[Records for processing Boundary: Start]

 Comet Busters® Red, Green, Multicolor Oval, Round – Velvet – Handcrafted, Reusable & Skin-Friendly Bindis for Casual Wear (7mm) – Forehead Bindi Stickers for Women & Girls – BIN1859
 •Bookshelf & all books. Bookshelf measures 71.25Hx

[Records for processing Boundary: End]
[Records for processing Boundary: Start]

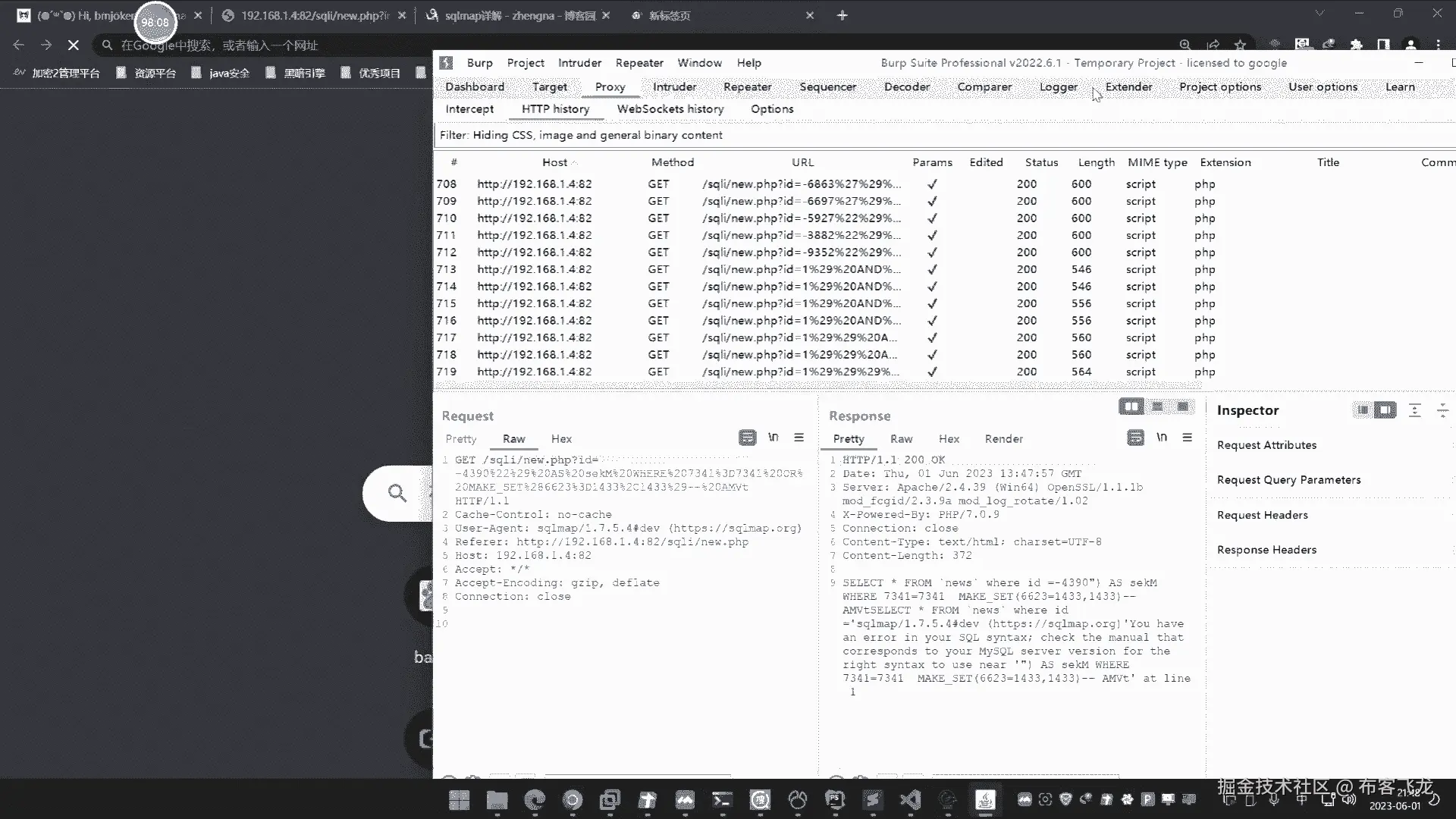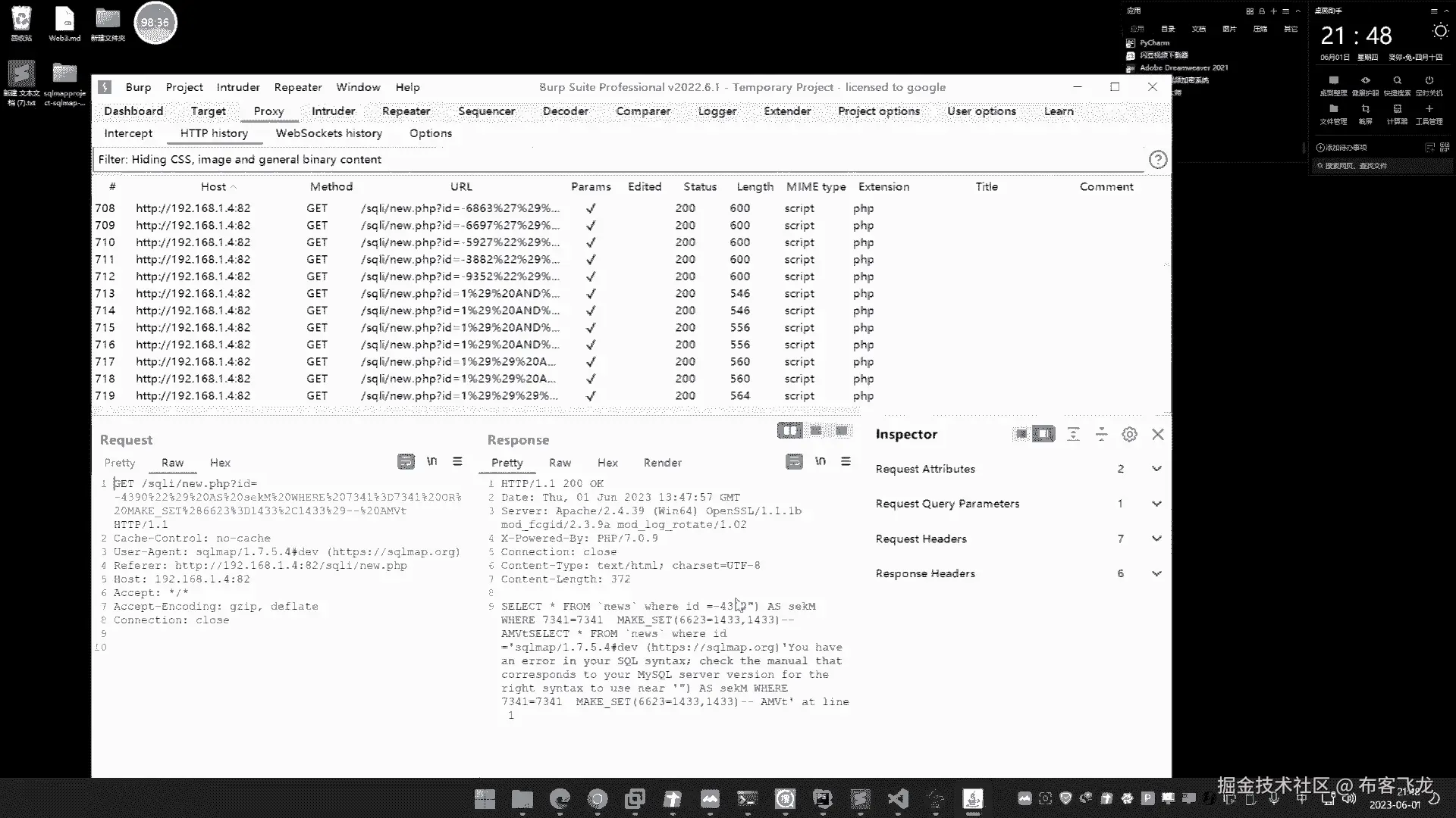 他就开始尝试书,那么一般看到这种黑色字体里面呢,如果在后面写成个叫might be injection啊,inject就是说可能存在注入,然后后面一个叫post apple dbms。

[Records for processing Boundary: End]
[Records for processing Boundary: Start]

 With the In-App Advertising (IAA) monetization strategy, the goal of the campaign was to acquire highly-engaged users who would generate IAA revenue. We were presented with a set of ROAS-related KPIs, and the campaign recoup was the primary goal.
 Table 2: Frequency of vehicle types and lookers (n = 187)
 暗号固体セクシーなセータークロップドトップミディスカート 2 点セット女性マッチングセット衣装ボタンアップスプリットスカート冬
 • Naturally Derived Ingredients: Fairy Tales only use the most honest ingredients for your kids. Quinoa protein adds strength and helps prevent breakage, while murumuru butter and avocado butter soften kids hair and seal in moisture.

[Records for processing Boundary: End]

▸ **Your task**:
Only one part of the material above is to be transcribed, namely the lines starting with the line that has "暗号固体セクシーなセータークロップドトップミディスカート 2 点セット女性マッチングセット衣装ボタンアップスプリットスカート冬" and going on through the line that has "seal in moisture.", exactly as they stand.

▸ **Answer for the task**:
 暗号固体セクシーなセータークロップドトップミディスカート 2 点セット女性マッチングセット衣装ボタンアップスプリットスカート冬
 • Naturally Derived Ingredients: Fairy Tales only use the most honest ingredients for your kids. Quinoa protein adds strength and helps prevent breakage, while murumuru butter and avocado butter soften kids hair and seal in moisture.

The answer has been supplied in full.